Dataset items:
/---

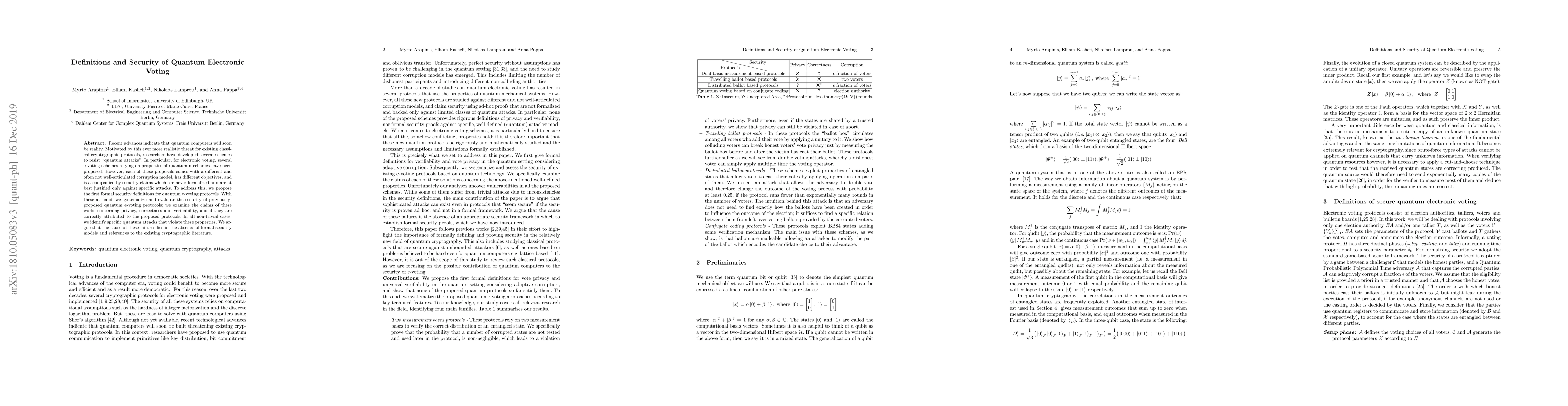Recent advances indicate that quantum computers will soon be reality. Motivated by this ever more realistic threat for existing classical cryptographic protocols, researchers have developed several schemes to resist "quantum attacks". In particular, for electronic voting, several e-voting schemes relying on properties of quantum mechanics have been proposed. However, each of these proposals comes with a different and often not well-articulated corruption model, has different objectives, and is accompanied by security claims which are never formalized and are at best justified only against specific attacks. To address this, we propose the first formal security definitions for quantum e-voting protocols. With these at hand, we systematize and evaluate the security of previously-proposed quantum e-voting protocols; we examine the claims of these works concerning privacy, correctness and verifiability, and if they are correctly attributed to the proposed protocols. In all non-trivial cases, we identify specific quantum attacks that violate these properties. We argue that the cause of these failures lies in the absence of formal security models and references to the existing cryptographic literature.
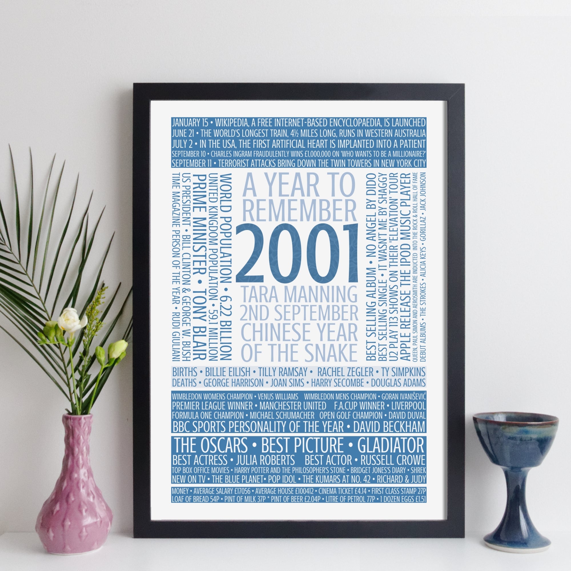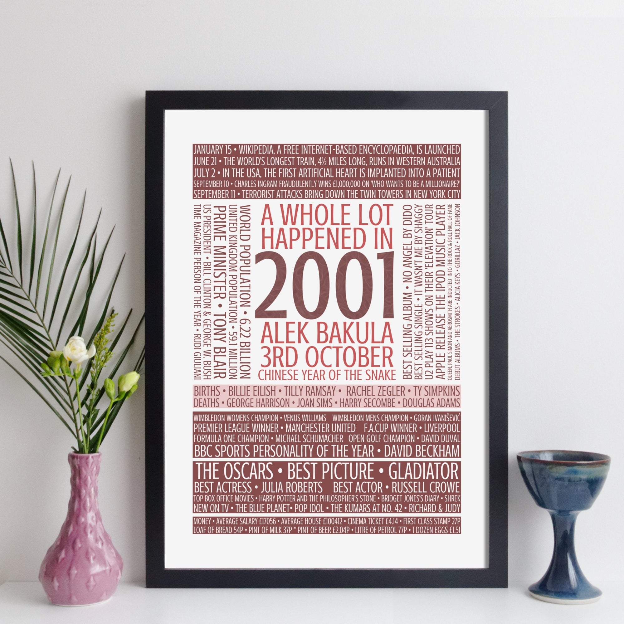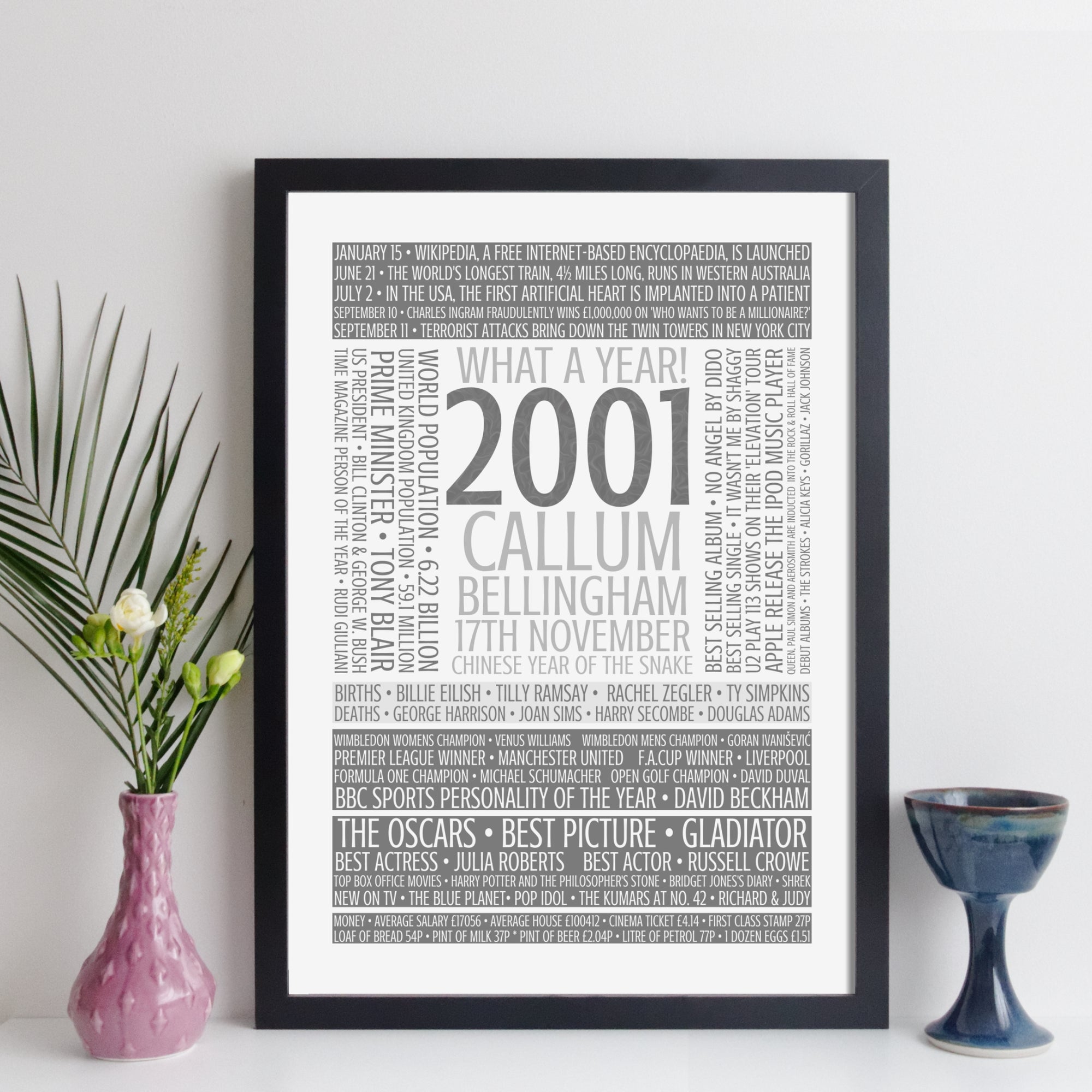 Personalised Born In 2001 Facts Print UK 2001 birthday gift idea
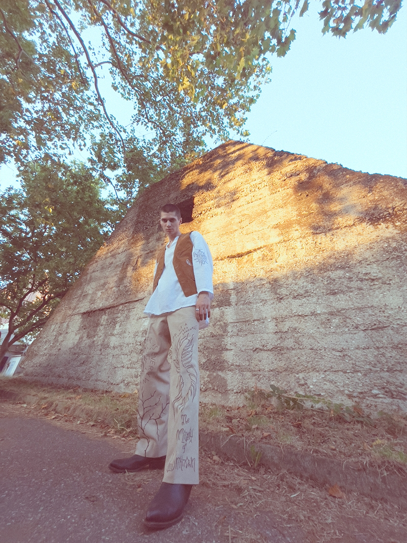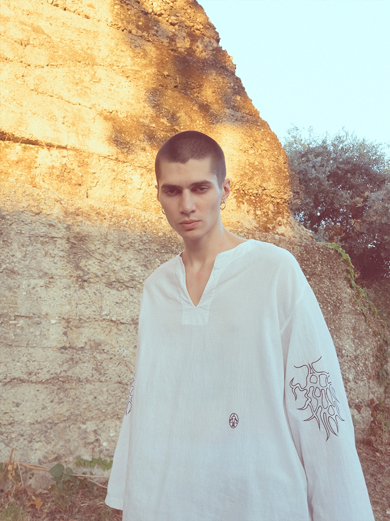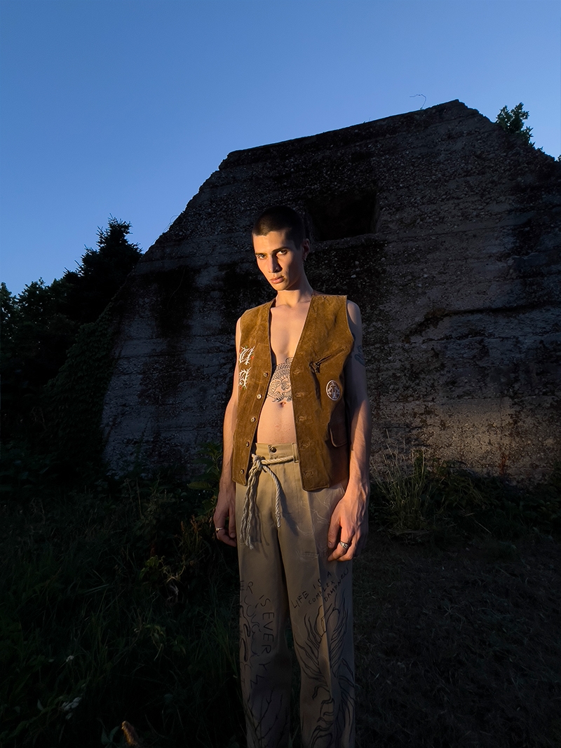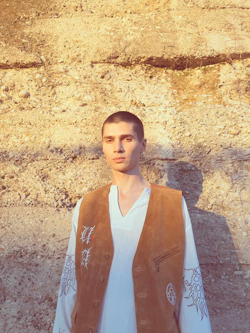The drop consists in a limited collection made up of handmade items produced using secondhand, vintage clothing and up-cycled fabrics, which he tailors and embellishes in his laboratory. Suede vests, linen shirts, hand tie-dyed and natural textures, cotton shirts and trousers embroidered with graphics inspired by anthropological motifs. An homage to a new and socially responsible fashion ecosystem that is environmentally conscious.
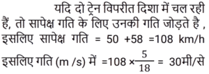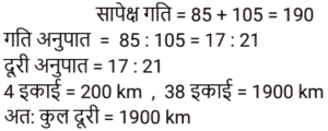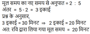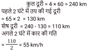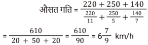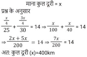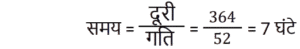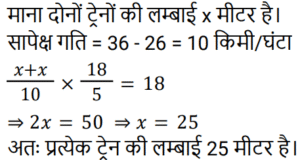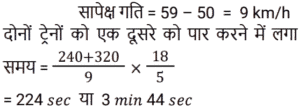 समय , चाल और दूरी Part-2Total Questions: 5021. दो रेलगाड़ियाँ, एक ही समय पर A और B से चलना शुरू करती हैं, और क्रमशः 85 km और 105 km प्रति घंटे की चाल से एक-दूसरे की ओर बढ़ती हैं। जब वे एक-दूसरे से मिलती हैं, तो यह पाया जाता है कि B से चली रेलगाड़ी ने, A से चली रेलगाड़ी की तुलना में 200 km अधिक दूरी तय की है। A और B के बीच की दूरी ज्ञात कीजिए। [Group D 19/09/2022 (Evening)](a) 1950 km (b) 2000 km(c) 1800 km (d) 1900 kmCorrect Answer: (d) 1900 kmSolution:22. 240 m और 320 m लंबी दो ट्रेनें समानांतर पटरियों पर समान दिशा में 59 km/h और 50 km/h की चाल से यात्रा कर रही हैं। दोनों रेलगाड़ियों के मिलने के क्षण से एक-दूसरे को पार करने में कितना समय लगेगा? [Group D 20/09/2022 (Afternoon)](a) 3 मिनट 44 सेकंड (b) 3 मिनट 24 सेकंड(c) 2 मिनट 18 सेकंड (d) 2 मिनट 24 सेकंडCorrect Answer: (a) 3 मिनट 44 सेकंड Solution:23. बबली ने 14 घंटे का सफर तय किया। यदि वह एक चौथाई यात्रा 25 km/h की चाल से और शेष 30 km/h की चाल से तय करती है, तो उसके द्वारा तय की गई कुल दूरी कितनी है? [Group D 22/09/2022 (Morning)](a) 140 km (b) 400 km(c) 225 km (d) 340 kmCorrect Answer: (b) 400 kmSolution:24. 64 km/h की चाल से चल रही 400 m लंबी रेलगाड़ी, 80 km/h की चाल से चल रही 720 m लंबी एक अन्य रेलगाड़ी को पार करती है। दूसरी रेलगाड़ी को, पहली रेलगाड़ी में बैठे एक आदमी को पार करने में कितना समय लगेगा? [Group D 22/09/2022 (Afternoon)](a) 18 सेकंड (b) 16 सेकंड(c) 12 सेकंड (d) 15 सेकंडCorrect Answer: (a) 18 सेकंड Solution:25. चक्रवर्ती 52 km/h की गति से कार चलाता है। 364 km की दूरी तय करने में उसे कितना समय लगेगा? [Group D 27/09/2022 (Afternoon)](a) 6 घंटे (b) 4 घंटे(c) 5 घंटे (d) 7 घंटेCorrect Answer: (d) 7 घंटेSolution:26. दो रेलगाड़ियाँ समानांतर पटरियों पर विपरीत दिशाओं में चल रही हैं। यदि उनकी चालें 50 km/h और 58 km/h हैं, तो उनकी सापेक्ष चाल ज्ञात कीजिए। [Group D 27/09/2022 (Afternoon)](a) 20 m/s (b) 40 m/s (c) 30 m/s(d) 50 m/sCorrect Answer: (c) 30 m/sSolution:27. समान लंबाई की दो रेलगाड़ियाँ 36 km/h और 26 km/h की चाल से समानांतर पटरियों पर समान दिशा में चल रही हैं। तेज रेलगाड़ी, धीमी रेलगाड़ी को 18 सेकंड में पार करती है। प्रत्येक रेलगाड़ी की लंबाई ज्ञात कीजिए। [Group D 28/09/2022 (Morning)](a) 50 मीटर (b) 25 मीटर(c) 75 मीटर (d) 70 मीटरCorrect Answer: (b) 25 मीटरSolution:28. X ने 220 km, 250 km और 140 km की दूरियाँ क्रमशः 11 km/h, 5 km/h और 7 km/h की चाल से तय कीं। उनकी औसत चाल km/h में ज्ञात कीजिए। [Group D 30/09/2022 (Morning)](a) 7 7⁄9 (b) 6 5⁄9 (c) 6 7⁄9(d) 6 2⁄9Correct Answer: (c) 6 7⁄9Solution:29. 4 घंटे की एक यात्रा के दौरान एक कार की औसत चाल 60 km/h है। यदि वह पहले 2 घंटे के दौरान 65 km/h की चाल से चलती है, तो अगले 2 घंटे के दौरान कार की चाल ज्ञात कीजिए। [Group D 30/09/2022 (Afternoon)](a) 55 km/h (b) 50 km/h(c) 53 km/h (d) 60 km/hCorrect Answer: (a) 55 km/h Solution:30. रवि शहर A से शहर B की ओर जा रहा है। यदि रवि अपनी कार को अपनी सामान्य चाल की 2⁄5 चाल से चलाता है, तो वह शहर B तक 30 मिनट की देरी से पहुँचेगा। यदि वह अपनी सामान्य चाल से कार चलाता है, तो उसे शहर A से शहर B तक पहुँचने में कितना समय (मिनट में) लगेगा? [Group D 06/10/2022 (Evening)](a) 18 (b) 22(c) 15 (d) 20Correct Answer: (d) 20Solution:Submit Quiz« Previous12345Next »
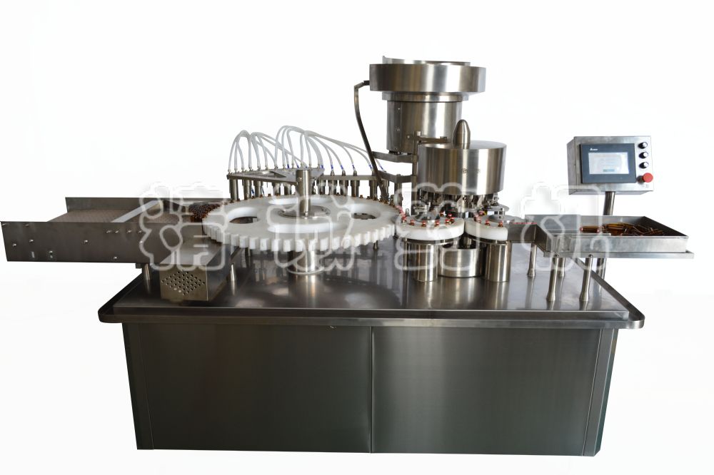 本機(jī)是灌裝、軋蓋二機(jī)合一的高速灌封機(jī),適用于各種10ml~30ml玻璃瓶的液體灌裝和軋蓋。機(jī)器采用潛入式灌裝機(jī)構(gòu),灌裝時,灌裝頭自動伸入瓶內(nèi),液體無溢出;機(jī)器采用高精度計(jì)量機(jī)構(gòu),不銹鋼單向閥門,灌裝計(jì)量調(diào)整方便;組合式灌裝管路及灌裝組件,拆卸、消毒十分方便;根據(jù)不同的蓋子,軋蓋力大小可以調(diào)整,保證瓶蓋外觀封口美觀;采用變頻調(diào)整系統(tǒng),能方便地適應(yīng)各種不同規(guī)格的瓶子及不同粘度液體灌裝的不同需求。

\---

#### [PROBLEM STATEMENT]
Would you copy out, exactly and with no pictures, only the lines above from the one that contains "Personalised Born In" through the one that contains "The drop consists"?

#### [RESULT OF THIS EXERCISE]
 Personalised Born In 2001 Facts Print UK 2001 birthday gift idea
The drop consists in a limited collection made up of handmade items produced using secondhand, vintage clothing and up-cycled fabrics, which he tailors and embellishes in his laboratory. Suede vests, linen shirts, hand tie-dyed and natural textures, cotton shirts and trousers embroidered with graphics inspired by anthropological motifs. An homage to a new and socially responsible fashion ecosystem that is environmentally conscious.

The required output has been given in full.